Google Pixel 3 and 3 XL have some of the best cameras in the year, and in combination with it's generally impressive performance, there are a handful of pretty stylish software features. One of them, called Top Shot, makes those great pictures even better by helping you when making a mistake and snap a picture just a little too early or late. And while we knew a little about how Top Shot worked, there was quite a big gap in our knowledge. Fortunately for the curious, Google has just published a more technical explanation of the technology behind it.
The full deeds are on Google's AI blog for your long-format technical reading playback – although the official review goes a bit out of order, doubling back on itself in ways that can make it harder to read than other good AIs blog post. If you prefer the simpler version, read on:
Google Clips Heritage
Top Shot functionality is based on the same tools created by Google for use with the Google clips.

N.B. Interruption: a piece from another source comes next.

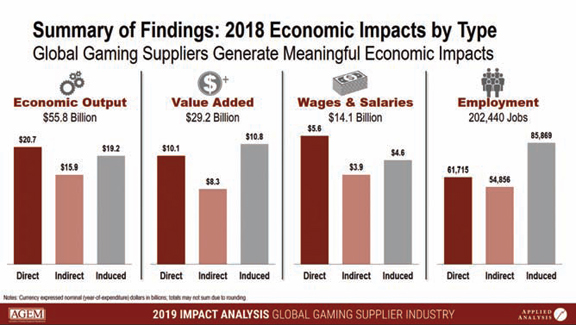 We’ve always known that the impact of gaming goes far beyond the physical casinos and the jobs they create. When you add AGEM and the products and services that operators buy from AGEM members and all its employees, the economic impact is substantial. Explain what that means.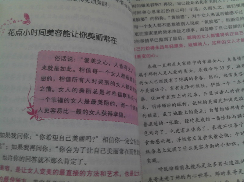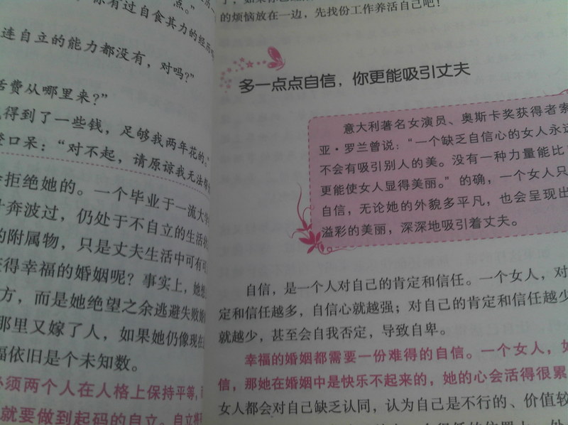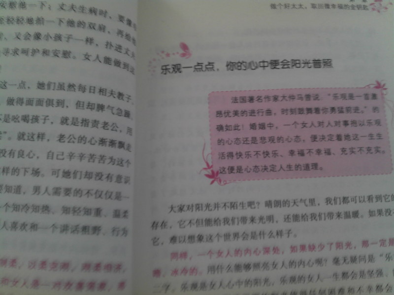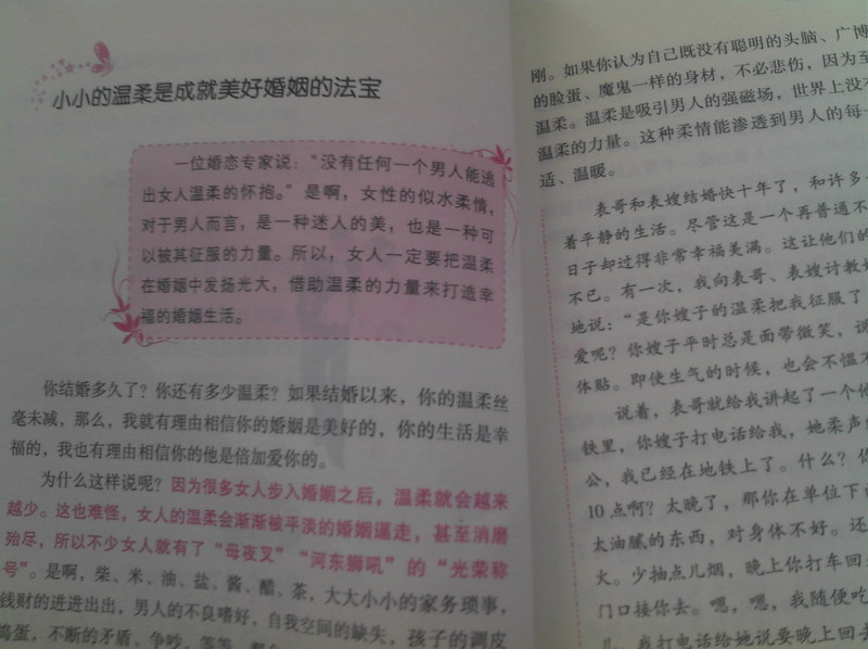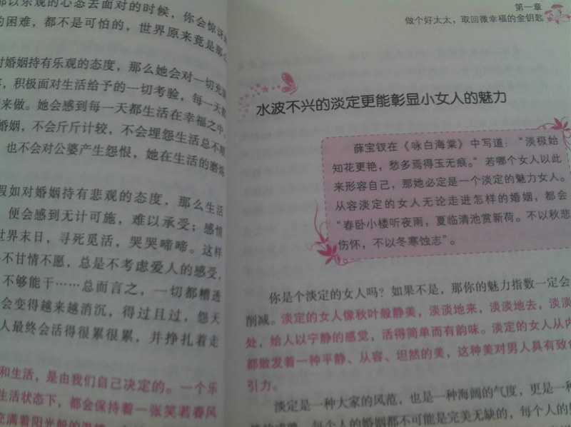 这本书教给我们,女人,一个结婚的女人应该具备温柔、乐观、淡定、善良、热情、自爱、自立、自信、美丽和持家的优良品格。看看还真是多啊,不禁感慨,对我们女人的要求也太多了吧,世界上哪有这么优秀这么完美的女人呢,是不多,不过作为芸芸众生中最普通的女人之一,为了我的婚姻幸福,我还是愿意努力,让自己成为这样完美的女人的,越接近越好,这一生都在努力着。 这们多项里面,我还真是缺的挺多的,除了善良、自爱、自立和持家这四项以外,其他的都或多或少的有欠缺,怪不得我的婚姻幸福指数不高呢,呵呵。

Although it does not appear to have had great success as a product in itself, the limitations associated with Cut any advanced problem solving needed: How could you create an auto camera that independently recognizes and stores best cards video opportunities it sees?

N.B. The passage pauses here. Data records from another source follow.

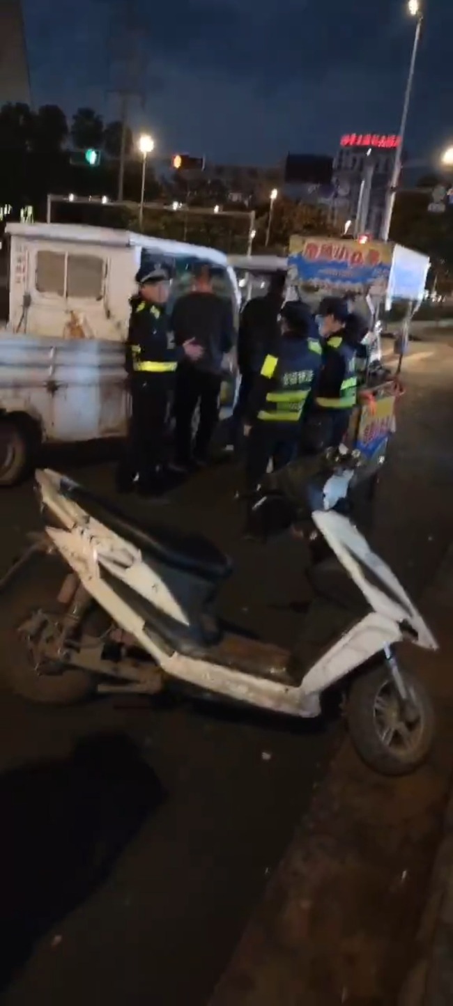何先生介绍,他是去年11月份来到南宁市西乡塘区苏卢北路、苏卢二路附近摆摊,平时和妻子一起,带着孩子在这里卖章鱼小丸子、烤肠。在这个路口有“禁止摆摊”的牌子,平常会遇到城管过来守着路口不让摆。3月16日晚6点40分左右,有城管车前来,附近摊贩见状就走了,何先生也走了,“其他人是开三轮车,我是手推车,相对慢一点。城管就开着车追过来。”
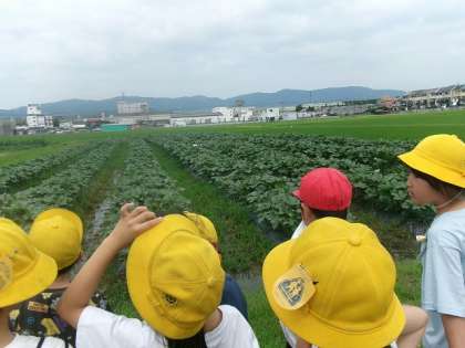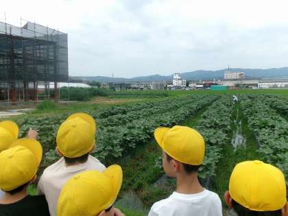 社会「農家でつくられるもの」の学習の一環で、地域で京おくらを育てている方の畑へ見学に行きました。おくらには花が咲いていて、実もつき出していました。京おくらの作り方や農家の方の思いなどを調べていきたいと思います。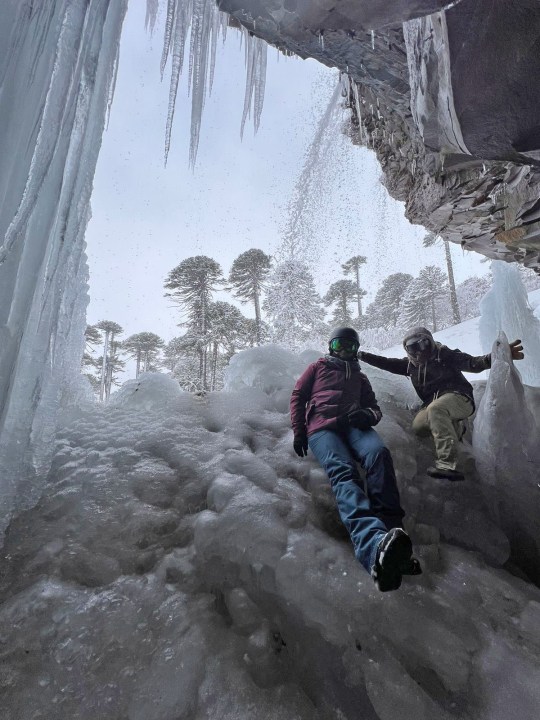 Caviahue: no pudieron esquiar por el temporal, pero mirá la cascada congelada que encontraron

For the sake of how Google pulled that magic, read the detailed explanation that was published earlier this year, but the (exceedingly) short version was that they used machine learning to do it ̵
Photographers and video editors gave relative calculations between the pairs of training data from Google Cut.
A model was trained on thousands of preselected source videos using professional photographers and video editors who manually chose between pairs to train the model on the best clips to search for imitation. In fact, over fifty million binary comparisons were made to collect data for the model. Combining it with the existing Google Photos development profile, developed the developers behind Google Cut, could create a model that worked to predict "interesting" content evaluated on what is called an Moment Score built on recognizing things in line with the qualities of a good clips. But the model could only run on power-hungry hardware. The really genius then trained a simpler model in parallel to mimic the performance of its server-based brother (ie, use a model to train another).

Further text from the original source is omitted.